With the intention to identify features that might correlate with higher overall stage, clinicopathological characteristics were evaluated in these five groups (Table 1). In univariate analysis, patient sex, while significantly different among stage subgroups (p = 0.022), did not exhibit a discernible pattern. In contrast, patients with higher stage LAMNs were more likely to have undergone more extensive surgical resection (p = 0.031) and to have had gross perforation in the appendix (p < 0.001). A concomitant diagnosis of IBD was more likely in the group of cases confined to the appendix (pTisM0), but the difference did not reach statistical significance (p = 0.080). Patient age, histological status of the resection margin, and method of peritoneal sampling were not significantly different among LAMN stage groups. Variables which were dependent on stage group (i.e., type of index surgical procedure and method of intraoperative peritoneal sampling), were excluded from multivariate analysis which showed that only gross perforation remained significantly associated with LAMN stage group (p = 0.001) and, when present, increased the likelihood of a higher overall stage with an OR of 3.3 (95% CI: 1.7–6.4).

Table 1 Clinicopathological characteristics of low-grade appendiceal mucinous neoplasms by AJCC/TNM pathologic stage group.

Patient treatment, response, and outcomes

Treatment utilization, response, and disease outcomes were evaluated for 165 (85.9%) patients who had clinical follow-up of at least 3 months. These characteristics were considerably different across various LAMN stage groups (Table 2). As expected, given their respective stage, only 1 patient (2.0%) with pTisM0 and 1 (8.3%) with pT3M0 received HIPEC (both cases had gross perforation of the appendix). Conversely, more than half pT4aM0 patients (7 cases, 58.3%) and most patients with intraperitoneal acellular mucin (pTxM1a; 23 cases, 85.2%) or neoplastic epithelium (pTxM1b; 58 cases, 90.6%) were given HIPEC (p < 0.001). The majority of patients with LAMNs staged as pM1a and pM1b also received CRS (88.9% and 92.2%, respectively), significantly more compared to 1 (8.3%) pT4aM0 patient and no patients in the pTis and pT3 groups (p < 0.001). Most patients had good response to treatment and at similar rates: CRS completion scores (CCS) of 0 or 1 were achieved in the 1 patient (100%) with pT4aM0, 19 patients (90.5%) with pM1a, and 45 patients (80.4%) with pM1b stage LAMNs (difference not significant).

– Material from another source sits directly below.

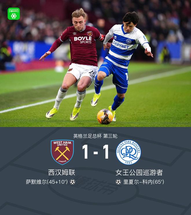 北京時(shí)間1月11日,英格蘭足總杯第三輪展開(kāi)較量,西漢姆聯(lián)迎戰(zhàn)女王公園巡游者。上半場(chǎng)補(bǔ)時(shí)階段,馬加薩送出助攻,薩默維爾抓住機(jī)會(huì)率先破門(mén),為球隊(duì)取得領(lǐng)先。易邊再戰(zhàn),卡拉莫科-登貝萊成功策動(dòng)進(jìn)攻,里夏爾-科內(nèi)完成破門(mén),幫助球隊(duì)扳平比分。最終雙方以1比1握手言和,進(jìn)入后續(xù)賽程。
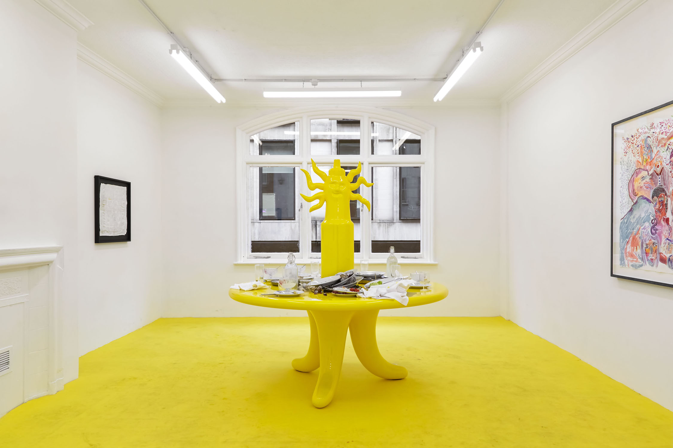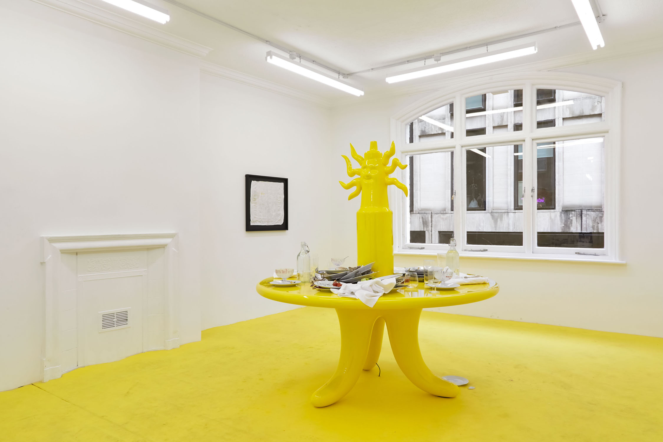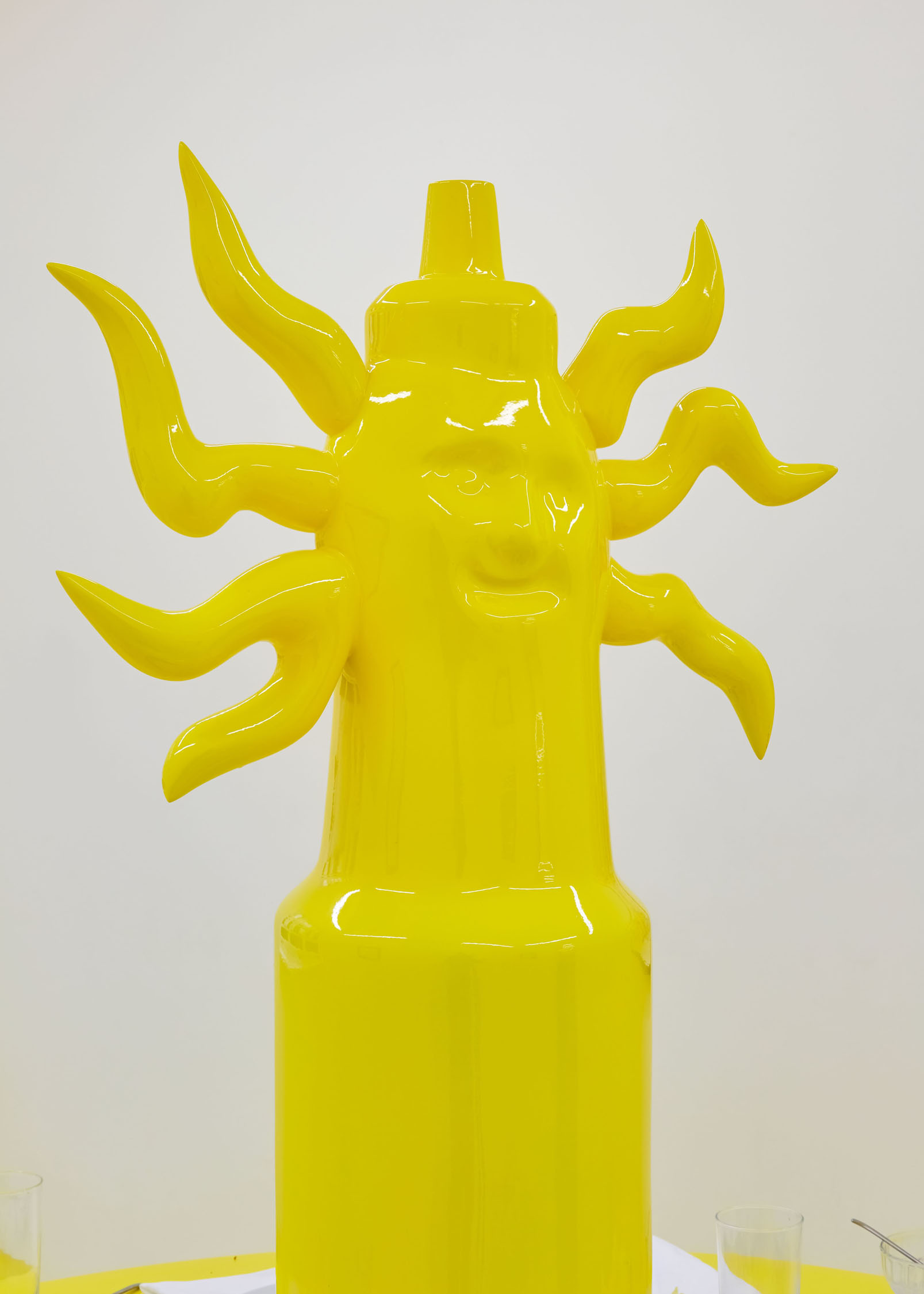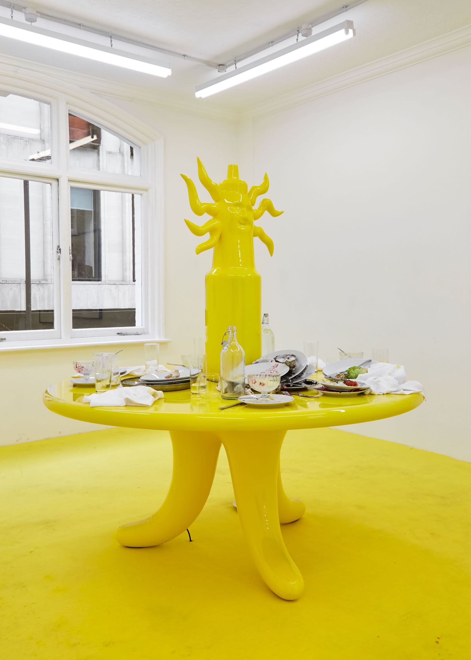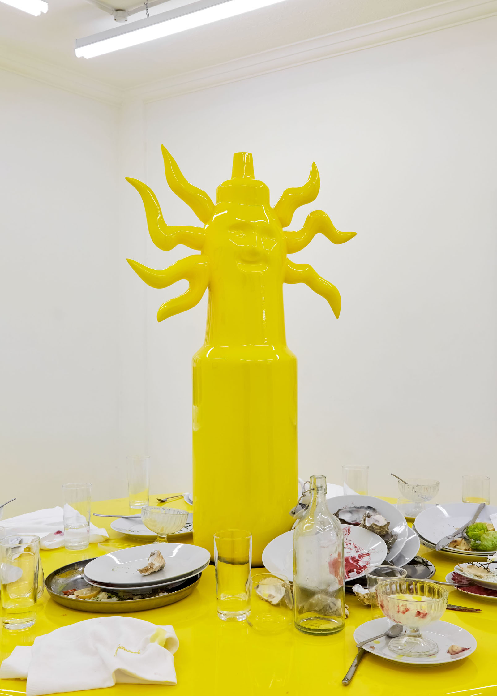 Maria Metsalu gives TINA and its London audience a new iteration of Kultuur, an ongoing performance work that animates a dialogue with the sun. Kultuur presents an anthropomorphised wildflower as an object of spectacle, while at the same time illuminating and complexifying some universal paradoxes of existence; the sun as something that gives life and energy, but something that can burn right through it. Metsalu confronts audiences in such a way that also scorns this spectacle, and the performance offers a moment of reflection, for all involved, on participation and complicity – a collective assemblage of exchange, of ritual, of unexpected and unknowable participation. The performance begins in the street, where people witness the artist’s interactions with a ubiquitous element of urban life, the hotdog vendor. With a hypnotic candour, and with intensities varying between states of pleasure, indifference, suffering and hope, audiences are led, pied piper-like, to TINA. Here, the collective body of the audience orbit the sun – an environment collaboratively made by Metsalu and Boumjimar in the gallery space. Kultuur includes the collaboration of various other artists in its conception and production; a text written by Jaakko Pallasvuo, sound design by Artjom Astrov, outfits designed by Kris Lemsalu together with Lotte Jürjendal and CRUDACRUDA, and a range of artefacts designed and built by Nikola Knezevic and Bruno Lillemets. While Karim Boumjimar creates the food as part of Kultuur, for TINA’s edition, Boumjimar presents drawings and ceramics to accompany the event and exhibition. The invited collaborators and the audience of Kultuur are a collective body that is fed, entertained and questioned. At TINA, the performance is divided into two parts – the parade at the hot dog cart and the devouring of the Sun, table d’hôte. Kultuur is a celebration of life and its dualities – a celebration of its fleeting and sensual nature.

Table 2 Treatment, response, and outcomes among patients with clinical follow-up, for different LAMN stage groups.

Over similar lengths of follow-up time among these stage groups (the differences not being significant), there was no evidence of disease progression in any of the 50 pTisM0, 12 pT3M0, and 12 pT4aM0 patients who had clinical follow-up. In contrast, significantly more patients with peritoneal spread had disease progression (p < 0.001): 6 of 27 (22.2%) cases with peritoneal acellular mucin (pM1a) and 45 of 64 (70.3%) patients with peritoneal spread composed of neoplastic epithelium (pM1b). All four deaths attributed to LAMN (disease-specific mortality) in this cohort belonged to the pM1b stage group (6.3% of patients with follow-up in this group) and all four had shown disease progression prior to death. In contrast, there was no disease-related mortality among any of the pM0 (Tis/T3/T4a) and pM1a patients, significantly less than the pM1b group (p = 0.011).

Disease progression

Among cases with peritoneal disease spread that progressed, there was significant concordance in terms of the presence or absence of neoplastic cells in specimens from the original diagnostic procedure compared to specimens obtained at the time of disease progression (Table 2). Of 33 cases with peritoneal spread by neoplastic cells (pM1b), 31 (93.9%) also had low-grade epithelium at disease progression. Conversely, of six cases with intraperitoneal mucin (pM1a) that progressed, two (33.3%) had acellular mucin only at disease progression (84.6% proportionate agreement; p = 0.043). However, this agreement could only be characterized as fair (κ = 0.316), given that most (4 of 6, 66.7%) of the original pM1a cases that progressed on the basis of histologic examination did so with the presence of neoplastic epithelium. There were no cases that progressed with high-grade neoplastic epithelium (i.e., G2 or G3).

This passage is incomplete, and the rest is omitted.